Has technology made love letters obsolete? Not quite. Old-fashioned epistles take time to write and send. But in these days of nearly instantaneous communication, that “delightful delay” – and the thought that goes into it – may be just the thing to set h

A street artist's adaptation of a 'love letter box' in Paris (Daquella manera)
A street artist's adaptation of a "love letter box" in Paris (Daquella manera)
Mélina Gazsi

PARIS -- On March 7, 1833, a young woman received a note from a man she had met a few months before: "I love you, my poor angel, you know it well, and yet you want me to write it. But you are right: One has to love, and then one has to say it, and then write it ... "The young woman in question was Juliette Drouet. The man who wrote the letter was Victor Hugo, who would go on to shower his mistress, a young French actress, with hundreds of such epistles.

Anne-Sophie Moutier, 23, is not yet that prolific a writer. But since this past November, when her boyfriend first went off to military school, she too has discovered the joys of "letter" writing. Granted, many of her correspondences involve e-mails and text messages. Not all, however. Anne-Sophie and her boyfriend sometimes write real, handwritten letters. The old-fashioned kind. "Nothing can replace a love letter," she says. "The phone is not enough and when you write, you can say things that may sound a little cheesy when said aloud."

Is Anne-Sophie a big romantic? Well, she's in love, at any rate. As is her fiancé. Before leaving for his training camp, he slips one of Anne-Sophie's letters underneath his shirt, "close to his heart." Are they being too lovey-dovey? Is their candor bordering on naiveté? Not at all. According to Philippe Brenot, a psychiatrist and president of the International Observatory of Couples, love letters are part of the romantic discourse and are "of considerable importance."

"Love letters are the place where confidences are made," he says. "They remain a powerful means of expressing one's feelings and one's desire – of declaring one's love, breathing life into it at the beginning of a relationship, and even allowing to rekindle the flame when love seems to be waning."

"With the telephone and with the arrival of new technologies, love letters almost disappeared," Brenot adds. "But actually, they've become unique, because time adds value. The time you take to write a letter, the time it takes for it to reach its recipient, and the time the latter takes to read it." It's hard to argue with the fact too that a handwritten letter, all alone in a mailbox full of flyers and bills, has a certain cachet.

"A delightful delay"

Are love letters still pertinent in this modern era, when sexual relations are no longer so taboo and elusive and when hardly anyone courts anymore? "More than ever!" says Roger Schembri, a French psychiatrist and psychoanalyst who says love letters provide a "delightful delay."

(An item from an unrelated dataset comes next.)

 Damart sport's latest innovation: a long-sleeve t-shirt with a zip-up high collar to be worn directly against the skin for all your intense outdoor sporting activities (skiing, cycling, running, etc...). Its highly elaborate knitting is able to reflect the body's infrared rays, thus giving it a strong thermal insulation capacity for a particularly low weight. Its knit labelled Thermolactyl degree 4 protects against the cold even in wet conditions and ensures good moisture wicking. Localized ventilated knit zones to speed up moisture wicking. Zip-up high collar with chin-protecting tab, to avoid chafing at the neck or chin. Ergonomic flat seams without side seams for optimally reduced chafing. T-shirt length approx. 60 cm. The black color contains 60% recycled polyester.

"It's always been easier to write down feelings than to say them aloud. Especially nowadays, at a time when people find it easier to say ‘I want to have sex with you" than ‘I love you,"" he says. Love letters, Roger Schembri goes on to say, "deliver a fragment of a dream we all want to believe in."

It would seem, in other words, that the new means of communication haven't killed off love letters after all. For Joëlle-Andrée Deniot, a sociology professor at the University of Nantes, "Internet, Facebook and Twitter have rather encouraged letters'. And the youth, although addicted to all things virtual, is no exception to the rule. Young people express their feelings using all media, from paper to parchment, from Post-it notes to postcards, via text messages and e-mails. Their creativity knows no bounds.

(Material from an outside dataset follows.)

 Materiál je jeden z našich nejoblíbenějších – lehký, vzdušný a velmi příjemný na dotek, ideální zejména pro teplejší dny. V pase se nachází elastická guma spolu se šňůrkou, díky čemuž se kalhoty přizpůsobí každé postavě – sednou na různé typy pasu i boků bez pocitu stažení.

The letter we receive, the one that bears the signature of our beloved, is as sensual and carnal as the expression of desire itself. Writing is like an extension of oneself. "It's like a caress, like a reassuring kiss," says Abiwen Josiane, 48.

Sometimes the person we are writing to is far away, or is leaving us for good. In those cases the act of writing can be a way to escape pain and sorrow, or a way to help us better understand our own feelings, to really discover what it is that's turning us upside down. "When I realized I would never see her again, I decided to write her the most beautiful love letter ever," says Jérémie Franc de Ferriere, 27.

A love letter definitely contains this fragment of dream we're all looking for, to protect us from the world's hardships and from our own turbulent times. At the same time it can give meaning to our sexuality, helping sort out that complicated but exciting rush of pleasure and feelings.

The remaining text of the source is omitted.